>>

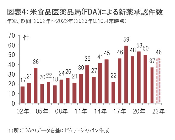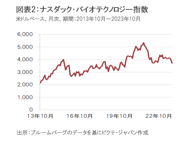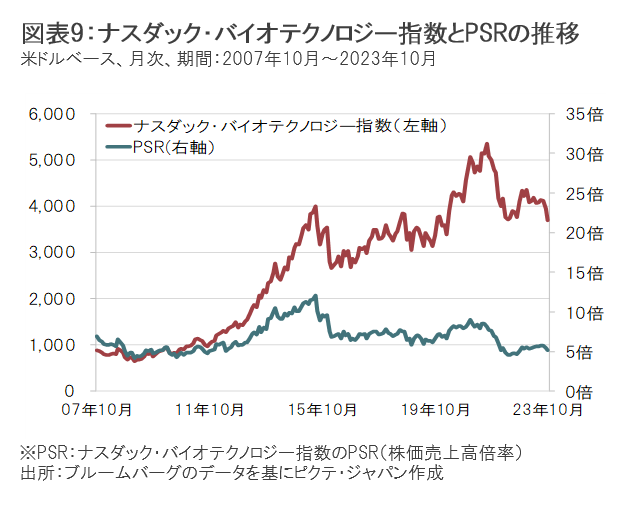 バイオ医薬品企業の業績が景気動向に左右されにくい特性などが注目されて2021年夏頃までは株価が上昇し、PSR(株価売上高倍率)で見たバリュエーション(投資価値評価)の水準も上昇していましたが、2021年秋以降はFDAの承認申請に対する予想外の決定などがマイナス要因となったことに加え、2022年半ばにかけてナスダック市場の下落が大きくなる中、ナスダック・バイオテクノロジー指数も下落したことから、PSRも低下しました。(図表9参照)
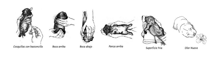Las estimulaciones las hago sobre la misma hora y todos los días. Durante la estimulación prima que el cachorro esté tranquilo, por tanto las hago con mucha calma, cerca de la paridera o incluso en la misma paridera para que tanto madre como el cachorro estén cómodos.
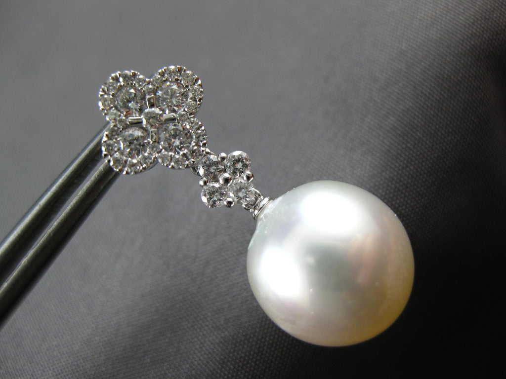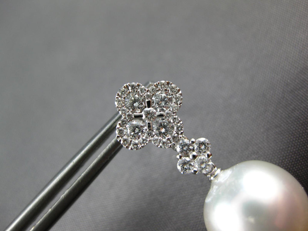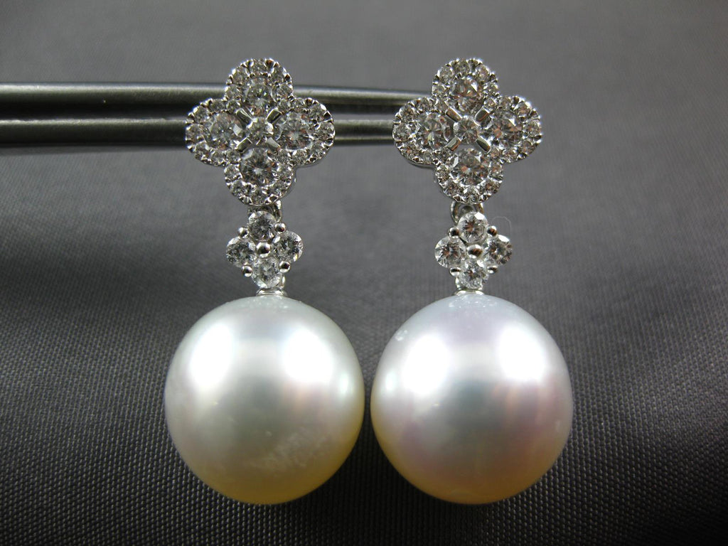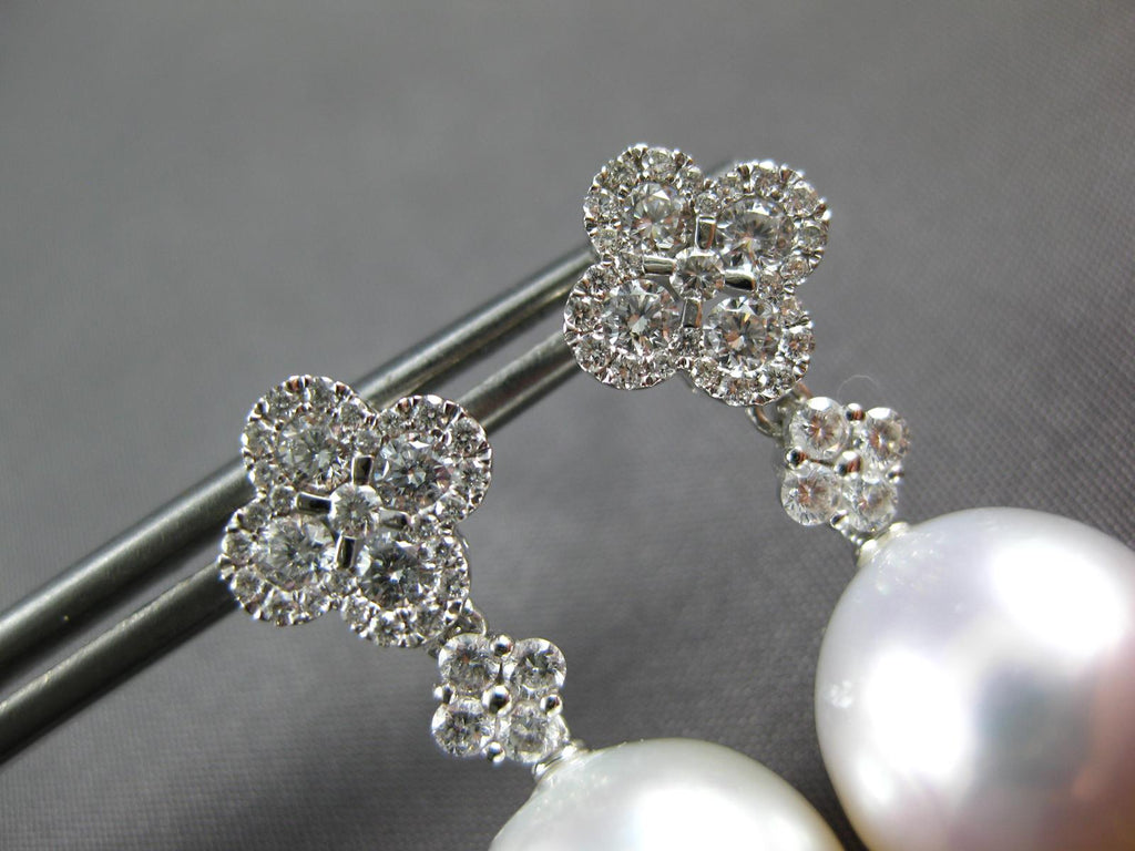 LARGE 18KT WHITE GOLD HANGING EARRINGS. 3D FOUR LEAF CLOVER FLOWER DESIGN. DIAMONDS ARE F/G COLOR, VSSI CLARITY .77 CARATS. FEATURES 11mm WIDE AAA SOUTH SEA PEARLS. EARRINGS MEASURES 26mm X 11mm. WRITTEN APPRAISAL AVAILABLE. COMES IN A PRESENTABLE GIFT BOX.
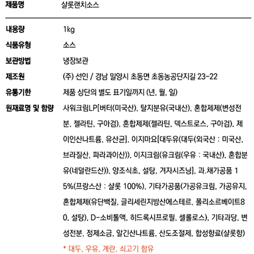 선인 샬롯렌치소스(1Kg/EA) 이미지
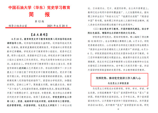 6 月 20 日,教育部党史学习教育高校第八巡回指导组来校调研指导工作,公司等7个单位分别汇报了本单位党史学习教育的典型经验。巡回指导组副组长盛邦跃,教育部直属高公司党建联络员、中国海洋大学原党委副书记李耀臻,对公司“星光”“星火”宣讲团开展的宣讲工作予以高度评价。公司党史学习教育简报第12期,以《发挥优势,推动党史宣讲工作入脑入心》为题,专门刊登了公司开展党史宣讲工作的经验。
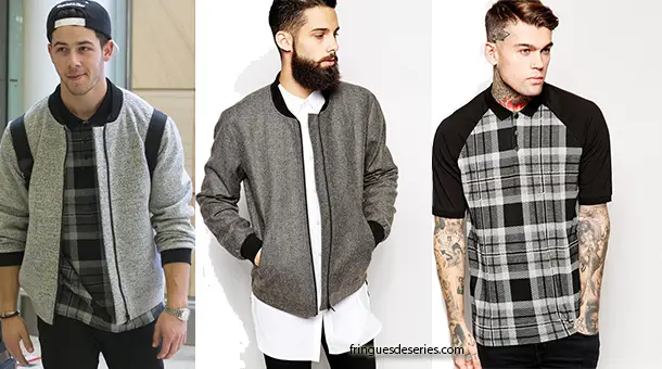 Un bomber gris, avec col et poignets contrastants.
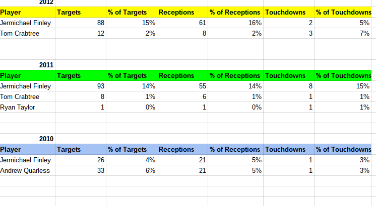 I broke down the numbers of tight ends that scored at least one touchdown from 2010-2012 to see what kind of numbers Jermichael Finley‘s replacement could produce.
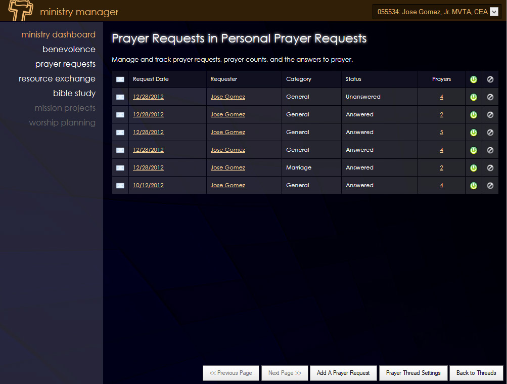 Prayer Request Threads: Create unlimited prayer request threads - independent channels of prayer that can be published to your website.
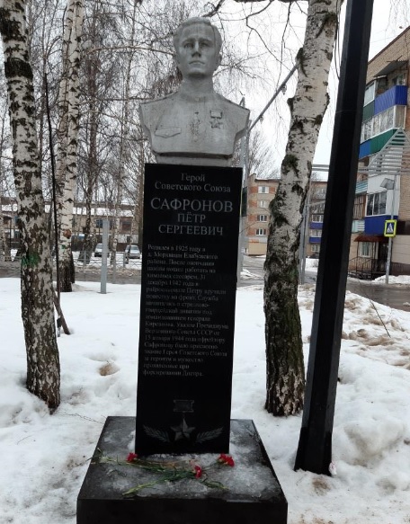 Сафронов Пётр Сергеевич (1.01.1925, д.Моркваши Елабужского района ТАССР – 11.1995 г., г.Сыктывкар, Республика Коми), участник Великой Отечественной войны, Герой Советского Союза, стрелок 234-го гвардейского стрелкового полка 76-й гвардейской стрелковой дивизии 61-й армии Центрального фронта, гвардии ефрейтор.
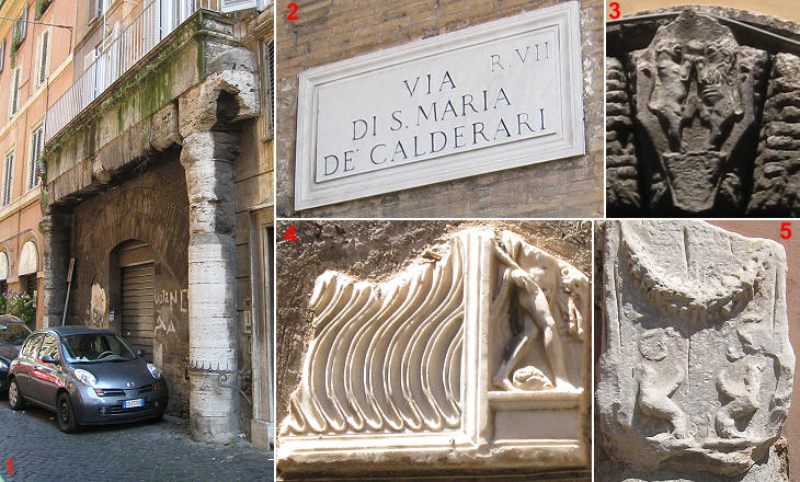 1) Ancient portico (see the nearby plaque indicating the level of the 1598 flood); 2) tablet with the name of the old church; 3) detail of a Renaissance portal in Via S. Maria dei Calderari; 4) relief of a sarcophagus portraying Hercules; 5) funerary monument
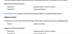 "Expiration" 満期,あるいは満期までの時間 "StrikePrice" 契約の行使価格 - FinancialDerivativeはヨーロピアンの先物コールオプションと先物プットオプションをサポートする.
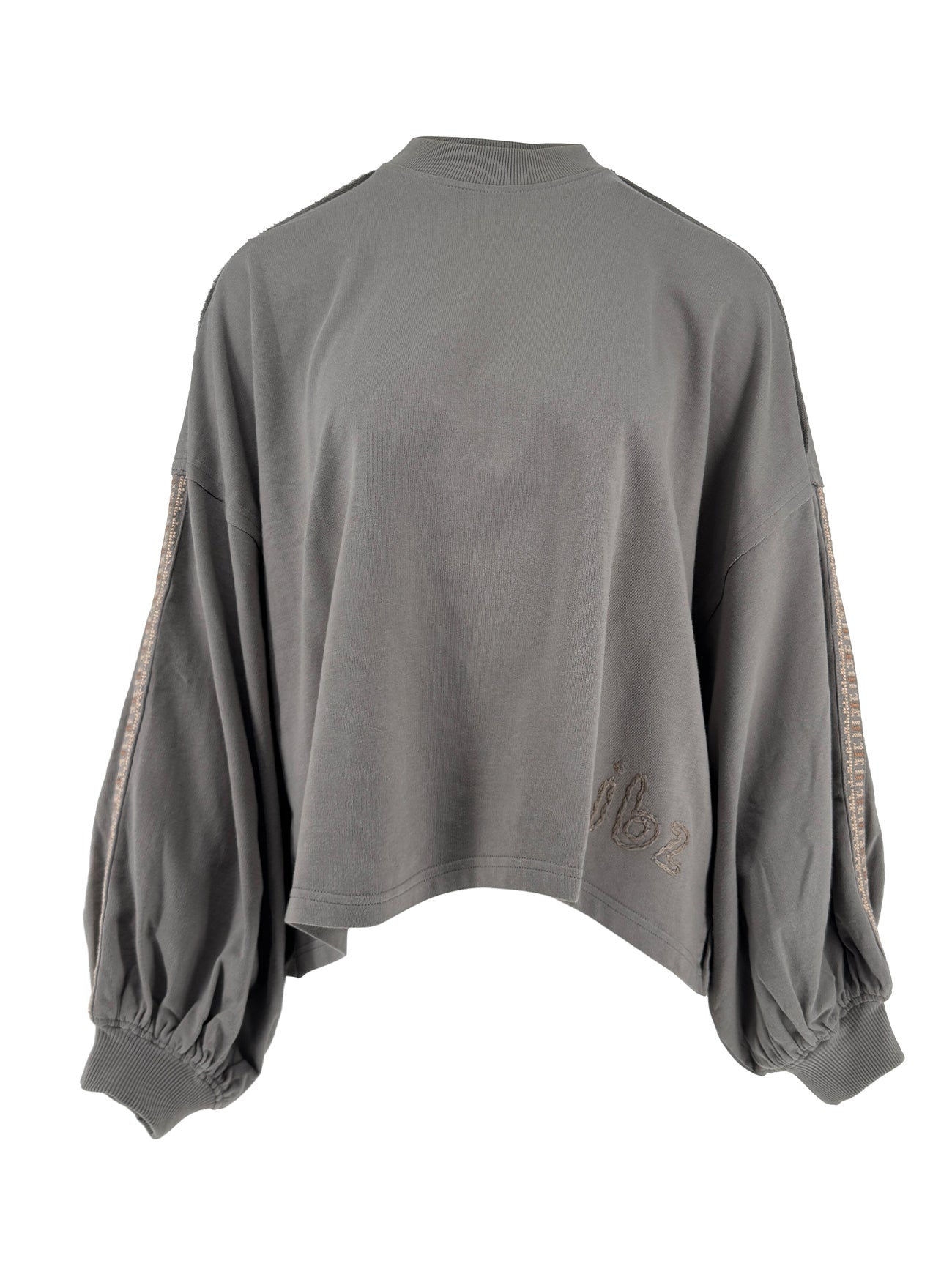 Product gegevens: Wijde oversized sweater met volume en borduursels op de mouwen
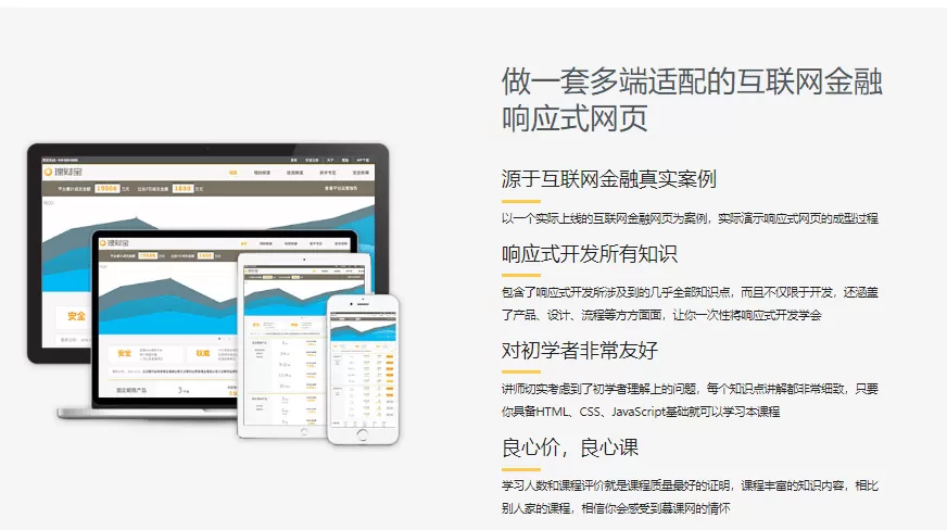 为具备HTML、CSS、JavaScript基础、对响应式设计和开发有兴趣的同学打造,是一门学习响应式网页开发的实战视频教程,本视频教程将带从实战出发,做一套多端适配的互联网金融响应式网页,通过本视频教程学习,你将学会响应式开发所涉及到的几乎全部知识点,还涵盖了产品、设计、流程等方方面面,让你一次性将响应式开发学会。本视频教程资源目录在底部。
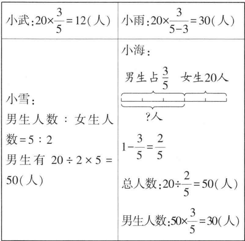 - 小武:男生占总人数的$\frac{3}{5}$,女生人数应为总人数的$1 - \frac{3}{5}=\frac{2}{5}$,不能直接用$20×\frac{3}{5}$计算男生人数,错误。

<<

**What the exercise asks**
Would you please transcribe the listing in full, exactly, while omitting the images?

**Response to the task**
 バイオ医薬品企業の業績が景気動向に左右されにくい特性などが注目されて2021年夏頃までは株価が上昇し、PSR(株価売上高倍率)で見たバリュエーション(投資価値評価)の水準も上昇していましたが、2021年秋以降はFDAの承認申請に対する予想外の決定などがマイナス要因となったことに加え、2022年半ばにかけてナスダック市場の下落が大きくなる中、ナスダック・バイオテクノロジー指数も下落したことから、PSRも低下しました。(図表9参照)
Las estimulaciones las hago sobre la misma hora y todos los días. Durante la estimulación prima que el cachorro esté tranquilo, por tanto las hago con mucha calma, cerca de la paridera o incluso en la misma paridera para que tanto madre como el cachorro estén cómodos.
 LARGE 18KT WHITE GOLD HANGING EARRINGS. 3D FOUR LEAF CLOVER FLOWER DESIGN. DIAMONDS ARE F/G COLOR, VSSI CLARITY .77 CARATS. FEATURES 11mm WIDE AAA SOUTH SEA PEARLS. EARRINGS MEASURES 26mm X 11mm. WRITTEN APPRAISAL AVAILABLE. COMES IN A PRESENTABLE GIFT BOX.
 선인 샬롯렌치소스(1Kg/EA) 이미지
 6 月 20 日,教育部党史学习教育高校第八巡回指导组来校调研指导工作,公司等7个单位分别汇报了本单位党史学习教育的典型经验。巡回指导组副组长盛邦跃,教育部直属高公司党建联络员、中国海洋大学原党委副书记李耀臻,对公司“星光”“星火”宣讲团开展的宣讲工作予以高度评价。公司党史学习教育简报第12期,以《发挥优势,推动党史宣讲工作入脑入心》为题,专门刊登了公司开展党史宣讲工作的经验。
 Un bomber gris, avec col et poignets contrastants.
 I broke down the numbers of tight ends that scored at least one touchdown from 2010-2012 to see what kind of numbers Jermichael Finley‘s replacement could produce.
 Prayer Request Threads: Create unlimited prayer request threads - independent channels of prayer that can be published to your website.
 Сафронов Пётр Сергеевич (1.01.1925, д.Моркваши Елабужского района ТАССР – 11.1995 г., г.Сыктывкар, Республика Коми), участник Великой Отечественной войны, Герой Советского Союза, стрелок 234-го гвардейского стрелкового полка 76-й гвардейской стрелковой дивизии 61-й армии Центрального фронта, гвардии ефрейтор.
 1) Ancient portico (see the nearby plaque indicating the level of the 1598 flood); 2) tablet with the name of the old church; 3) detail of a Renaissance portal in Via S. Maria dei Calderari; 4) relief of a sarcophagus portraying Hercules; 5) funerary monument
 "Expiration" 満期,あるいは満期までの時間 "StrikePrice" 契約の行使価格 - FinancialDerivativeはヨーロピアンの先物コールオプションと先物プットオプションをサポートする.
 Product gegevens: Wijde oversized sweater met volume en borduursels op de mouwen
 为具备HTML、CSS、JavaScript基础、对响应式设计和开发有兴趣的同学打造,是一门学习响应式网页开发的实战视频教程,本视频教程将带从实战出发,做一套多端适配的互联网金融响应式网页,通过本视频教程学习,你将学会响应式开发所涉及到的几乎全部知识点,还涵盖了产品、设计、流程等方方面面,让你一次性将响应式开发学会。本视频教程资源目录在底部。
 - 小武:男生占总人数的$\frac{3}{5}$,女生人数应为总人数的$1 - \frac{3}{5}=\frac{2}{5}$,不能直接用$20×\frac{3}{5}$计算男生人数,错误。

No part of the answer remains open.